O principal problema deste ensaio é a escolha do comparador: o RX de tórax anual. Este procedimento não representa os “cuidados habituais”, o que dificulta a generalização destes resultados. Por outro lado, existe prova científica que não tem qualquer benefício na mortalidade e está associado a dano (aumento de mortalidade global).3 Por este motivo, apesar de não levar a uma subestimativa do benefício, pode levar a uma subestimativa dos danos. Por exemplo, o Mayo Lung Project foi um ensaio clínico sobre o papel do RX de tórax no rastreio de cancro com pulmão e é um dos principais exemplos do conceito de sobrediagnóstico.4,5 Considera-se sobrediagnóstico a detecção de cancros que nunca teriam manifestação clínica, ou por serem de tal forma indolentes que não causariam sintomas, ou por existirem causas alternativas de morte (por exemplo, um doente com cancro da próstata morre de AVC antes da neoplasia se manifestar clinicamente).

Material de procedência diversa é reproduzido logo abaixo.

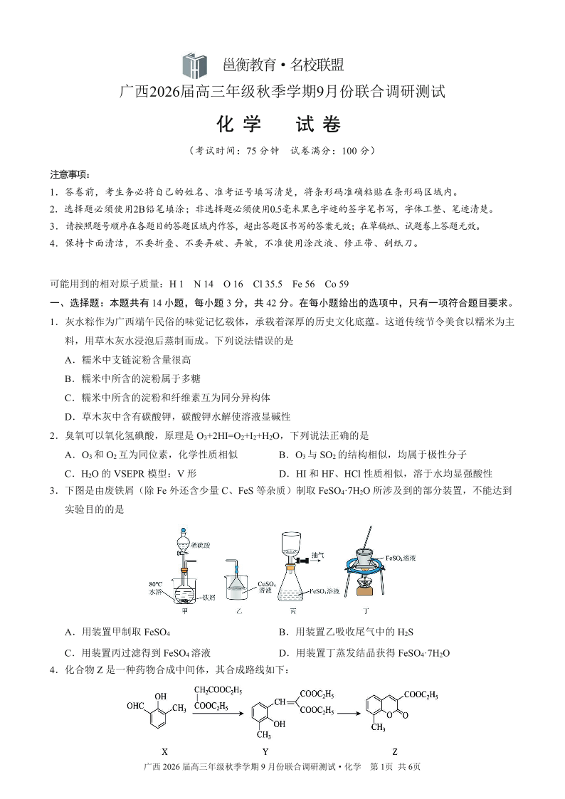 邕衡教育·名校联盟2026届高三年级秋季学期9月份联合调研测试 化学.pdf

Neste ensaio, as películas eram examinadas em centros de referência, por imagiologistas muito experientes. As consequências da implementação de um programa de rastreio não regulamentado e sem uma estrutura de garantia de qualidade são imprevisíveis. Quando comparados com os resultados preliminares de outros ensaios clínicos do rastreio com TAC,6,7 observamos que a incidência de resultados positivos varia extraordinariamente (NLST 39,1%, DANTE 15,6%, DLCST 7,9%). Possivelmente, estas diferenças estão relacionadas com os protocolos de interpretação de imagem ou com práticas mais ou menos defensivas. No NLST o protocolo considerava positivas imagens ≥4mm e os exames eram vistos por um único imagiologista. No Danish Lung Cancer Screening Trial (DLCST) eram consideradas positivas imagens ≥5mm e por consenso de 2 imagiologistas. De qualquer forma, as consequências do rastreio dependerão muito do desempenho do TAC de baixa dose (sensibilidade, especificidade, concordância inter-observador). No contexto português, com a realização dos exames dispersa em múltiplas entidades convencionadas, será um desafio para as entidades reguladoras conseguirem estabelecer critérios de qualidade uniforme.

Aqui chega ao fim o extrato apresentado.